Brad: In theory it should be possible to use the existing bootloader to flash a new bootloader, to then replace the existing bootloader.
Branden: Probably not much missing, just engineering work to make that work.
Brad: Yes, the Tock bootloader must implement the UART bus on top of the USB stack for that. Also, the reset functionality must be implemented so that tockloader can get the board into the bootloader. That should be doable since we can parse the baudrate configuration.

Board-based instantiation of chip drivers

Hudson: Received reviews of Alistair and Guillaume. The main concern seems to be that it is currently implemented as a large macro that lives in the respective chip folder and is called from the board's main.

There is no fundamental reason that it has to be a macro, but could instead be a struct which can be imported from a board main if all default peripherals should be used.

If a board does not want to use the default chip peripheral selection, a board would instantiate its own struct (which would need to be done anyways if the default macro is not to be used).

Motivation for making it a macro and calling that from the board itself enforces that all peripherals are visible to the board crate.

If the struct would actually reside in the chip crate, the peripherals would not necessarily be visible to the board crate for the default instantiation to work, however custom structs could not create instances anymore if the peripheral's constructors were not visible. New PRs could add peripherals with insufficient visibility and still work in the default case, but for custom peripheral selections PRs to change the visibiliy would then be required.

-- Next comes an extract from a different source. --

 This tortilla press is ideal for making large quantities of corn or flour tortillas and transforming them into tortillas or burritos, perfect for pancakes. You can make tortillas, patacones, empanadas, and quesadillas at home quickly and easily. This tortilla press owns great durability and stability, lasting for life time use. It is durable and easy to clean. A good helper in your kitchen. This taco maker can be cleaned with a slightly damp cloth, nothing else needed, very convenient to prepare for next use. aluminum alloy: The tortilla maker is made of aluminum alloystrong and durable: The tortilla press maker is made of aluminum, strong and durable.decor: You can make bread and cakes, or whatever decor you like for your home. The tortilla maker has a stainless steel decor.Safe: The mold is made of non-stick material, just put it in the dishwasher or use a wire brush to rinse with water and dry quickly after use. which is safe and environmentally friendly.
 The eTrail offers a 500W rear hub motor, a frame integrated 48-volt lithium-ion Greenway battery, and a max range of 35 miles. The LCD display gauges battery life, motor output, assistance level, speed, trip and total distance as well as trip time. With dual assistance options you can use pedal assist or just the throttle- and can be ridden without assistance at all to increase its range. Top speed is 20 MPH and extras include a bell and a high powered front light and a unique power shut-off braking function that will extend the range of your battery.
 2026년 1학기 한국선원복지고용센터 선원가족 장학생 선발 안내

On the other hand, large macros are bad. Added peripherals with insufficient visibility & occasional PRs to fix that might be a good trade off.
Brad: Will the new-constructor take arguments?
Hudson: Currently not.
Brad: So adding a new peripheral does not require updating n boards.
Hudson: Yes. If the peripherals need to be connected to a capsule, then the boards need to be updated to perform that mapping.

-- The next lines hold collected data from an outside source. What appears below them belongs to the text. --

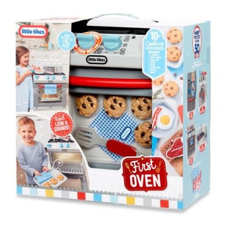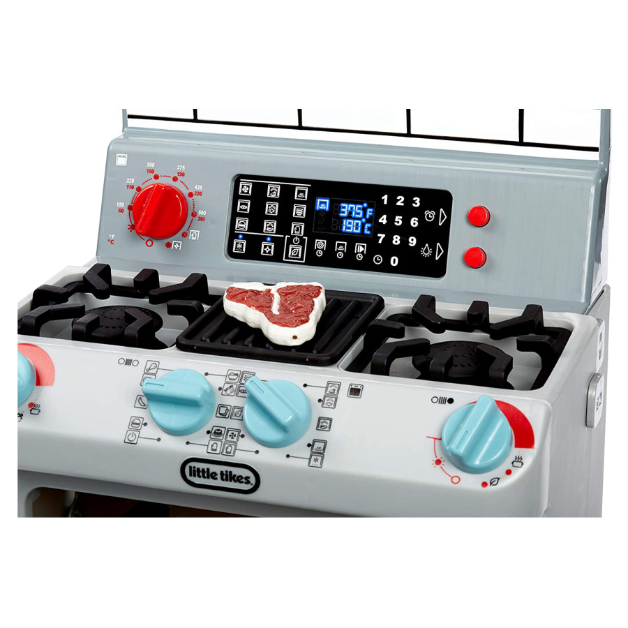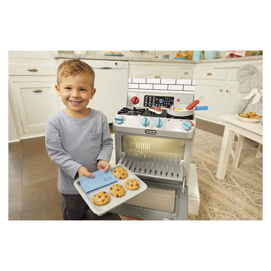 Este horno está lleno de sonidos realistas: quemadores encendidos, agua hirviendo, chisporroteo y temporizadores sonando. Otras características realistas incluyen que la estufa se ilumina, los botones realmente funcionan, la luz del horno se enciende cuando se abre la puerta, el estante del horno es extraíble y los diales del quemador giran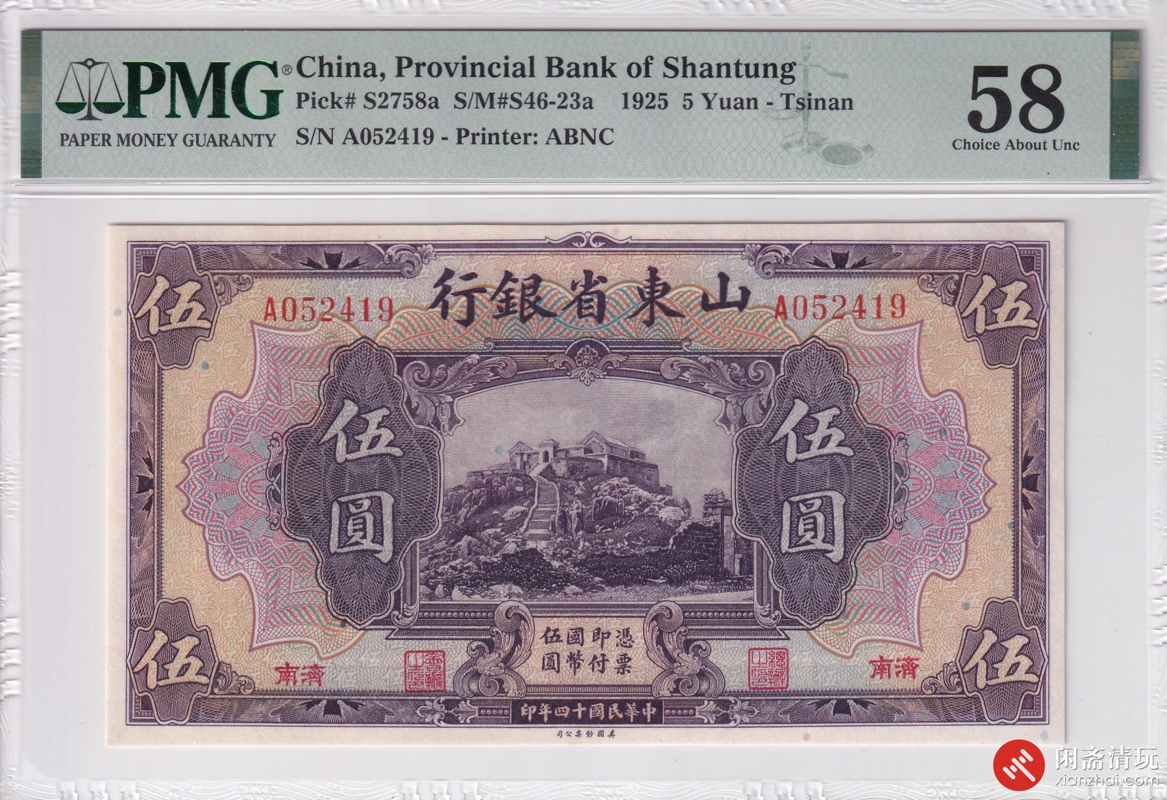 民国十四年(1925)山东省银行伍圆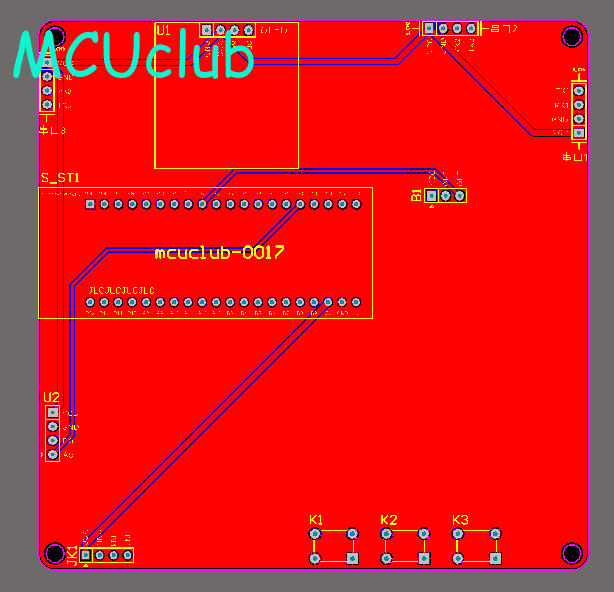 注意:PCB图中间有一个项目编号,隐藏在单片机底座下,插入单片机后不会看到。如果想截没有项目编号的PCB图,可在PCB源文件中点击删除。另外,如果想在实物PCB板上加自己的信息(比如日期、学号、姓名等),可联系客服。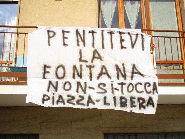 Spostamento fontana dei leoni: «Chi non è d’accordo appenda cartelli e striscioni alle finestre»

Same as before: adding a peripheral as a global static mut did not require updating boards to do the interrupt mapping, but did require updating board to actually instantiate a capsule using that peripheral.
Amit: Sounds like: if the interface changes, you have to change how to use it. As long as it stays fixed, you do not need to change anything.
Brad: The simple case should always stay simple.
Hudson: That will remain true.

Current state of the USB stack

Amit: Hoping to address what the general state of the USB stack is. There have been a number of significant contributions in the previous months. Is someone able to summarize the state of it?
Brad: There is a HIL. It has been revised once (between the SAM4L implementation and the NRF52 implementation) and now seems to encompass sufficient functionality to be compatible with 3 different platforms: SAM4L, nRF52 & OpenTitan.

The HIL takes care of low-level HW description. Support for all specific USB profiles, descriptors and drivers live in capsules.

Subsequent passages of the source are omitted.